Gesichtsvisier So viel Schutz bieten Gesichtsvisiere vor Coronaviren

Gesund durch die Corona-Krise Ein transparentes Gesichtsvisier soll besser vor Corona schützen. Woran du ein gutes erkennst und wie du es richtig anwendest und pflegst

Textilmasken sind hierzulande immer noch neu und für viele ungewohnt oder sogar befremdlich. Und viele wünschen sich endlich ein wenig Normalität und ein bisschen Unbeschwertheit zurück.
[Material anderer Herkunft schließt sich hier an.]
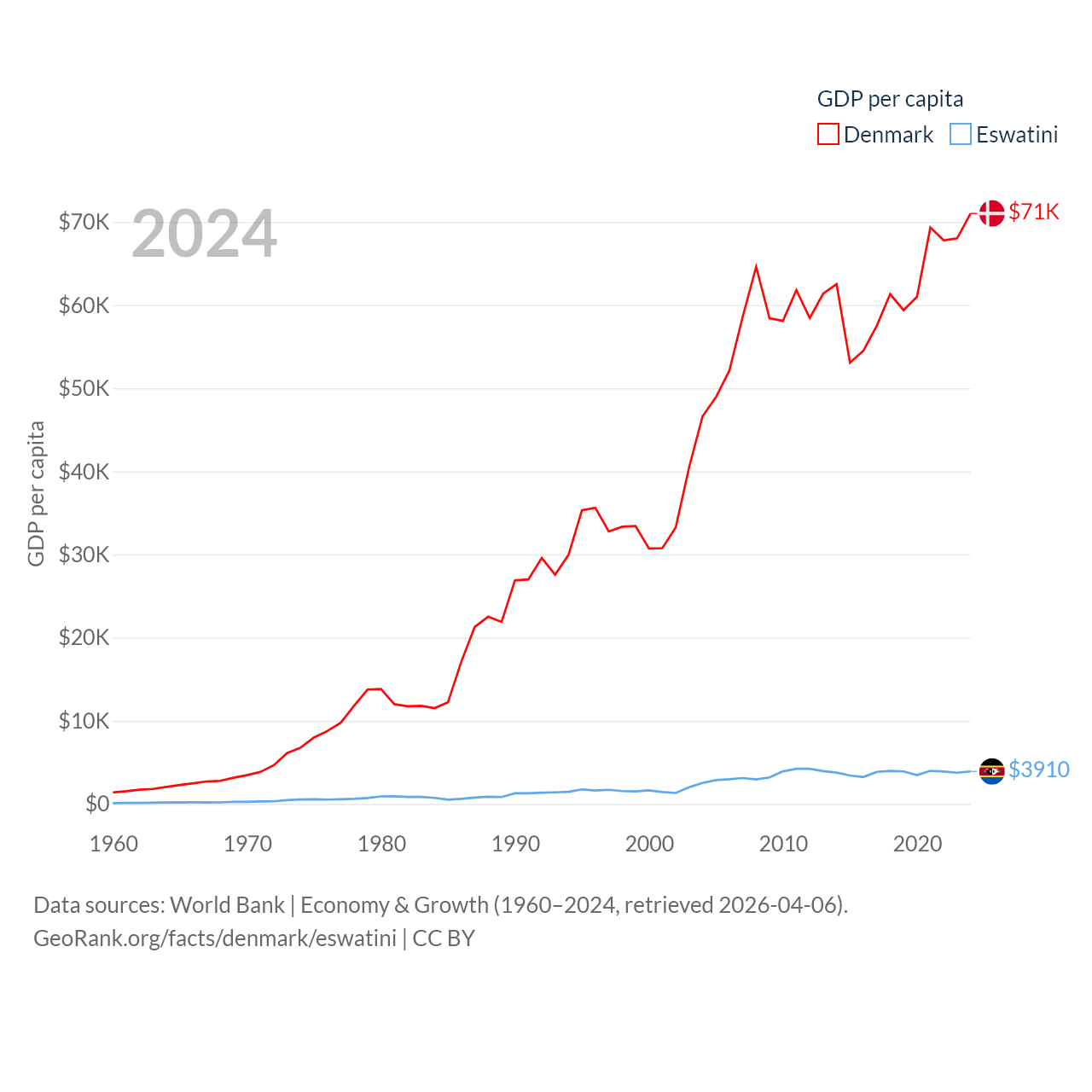 By GDP, Denmark ranks 37/197 ($425B) and Eswatini ranks 162/197 ($4.86B). By GDP per capita, Denmark ranks 12/197 ($71,026), while Eswatini ranks 131/197 ($3,910).

Könnten transparente Gesichtsvisiere da nicht einen guten Kompromiss darstellen?

Die kurze Antwort: Jein. Für die lange Antwort haben wir mit einem Arzt und einem Hersteller solcher Visiere gesprochen. Sie erklären uns, wie viel die Visiere bringen und was man bei der Benutzung beachten muss.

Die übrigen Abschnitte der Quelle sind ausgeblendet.